--- TASK ---
Would you please repeat, word for word, only the lines from the one holding "グレーとブラックを組み合わせ" through the one holding "Тем временем, колонне" in the material below, without the pictures?

--- INPUT DATA ---
________________________________________

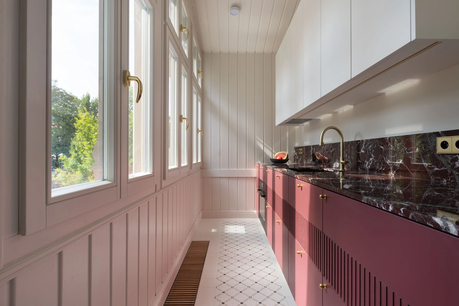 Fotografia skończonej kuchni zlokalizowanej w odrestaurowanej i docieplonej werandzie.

________________________________________

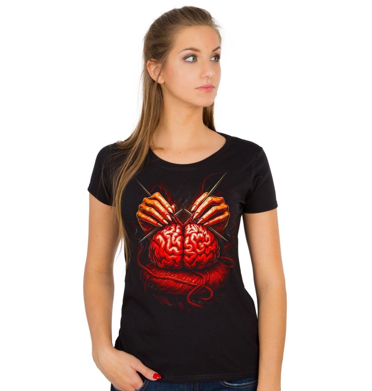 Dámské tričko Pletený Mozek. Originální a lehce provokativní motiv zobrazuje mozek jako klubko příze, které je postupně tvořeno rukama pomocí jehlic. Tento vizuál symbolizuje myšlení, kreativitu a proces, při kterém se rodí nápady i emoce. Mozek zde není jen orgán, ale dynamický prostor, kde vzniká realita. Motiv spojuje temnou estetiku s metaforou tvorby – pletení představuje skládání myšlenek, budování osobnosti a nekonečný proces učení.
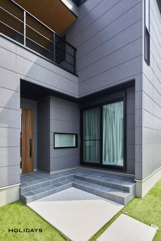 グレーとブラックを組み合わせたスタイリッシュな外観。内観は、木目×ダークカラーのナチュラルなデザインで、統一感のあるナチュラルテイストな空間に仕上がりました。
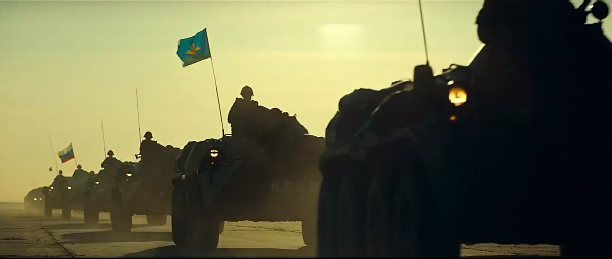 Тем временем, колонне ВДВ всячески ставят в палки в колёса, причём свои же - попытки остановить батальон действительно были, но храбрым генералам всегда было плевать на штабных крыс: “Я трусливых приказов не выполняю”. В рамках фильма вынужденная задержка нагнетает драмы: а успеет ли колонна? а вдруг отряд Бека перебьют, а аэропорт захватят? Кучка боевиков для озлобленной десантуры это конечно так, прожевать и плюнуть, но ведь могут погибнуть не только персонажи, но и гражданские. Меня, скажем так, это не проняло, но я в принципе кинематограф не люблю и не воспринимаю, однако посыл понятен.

________________________________________

--- COMPLETED EXERCISE ---
 グレーとブラックを組み合わせたスタイリッシュな外観。内観は、木目×ダークカラーのナチュラルなデザインで、統一感のあるナチュラルテイストな空間に仕上がりました。
 Тем временем, колонне ВДВ всячески ставят в палки в колёса, причём свои же - попытки остановить батальон действительно были, но храбрым генералам всегда было плевать на штабных крыс: “Я трусливых приказов не выполняю”. В рамках фильма вынужденная задержка нагнетает драмы: а успеет ли колонна? а вдруг отряд Бека перебьют, а аэропорт захватят? Кучка боевиков для озлобленной десантуры это конечно так, прожевать и плюнуть, но ведь могут погибнуть не только персонажи, но и гражданские. Меня, скажем так, это не проняло, но я в принципе кинематограф не люблю и не воспринимаю, однако посыл понятен.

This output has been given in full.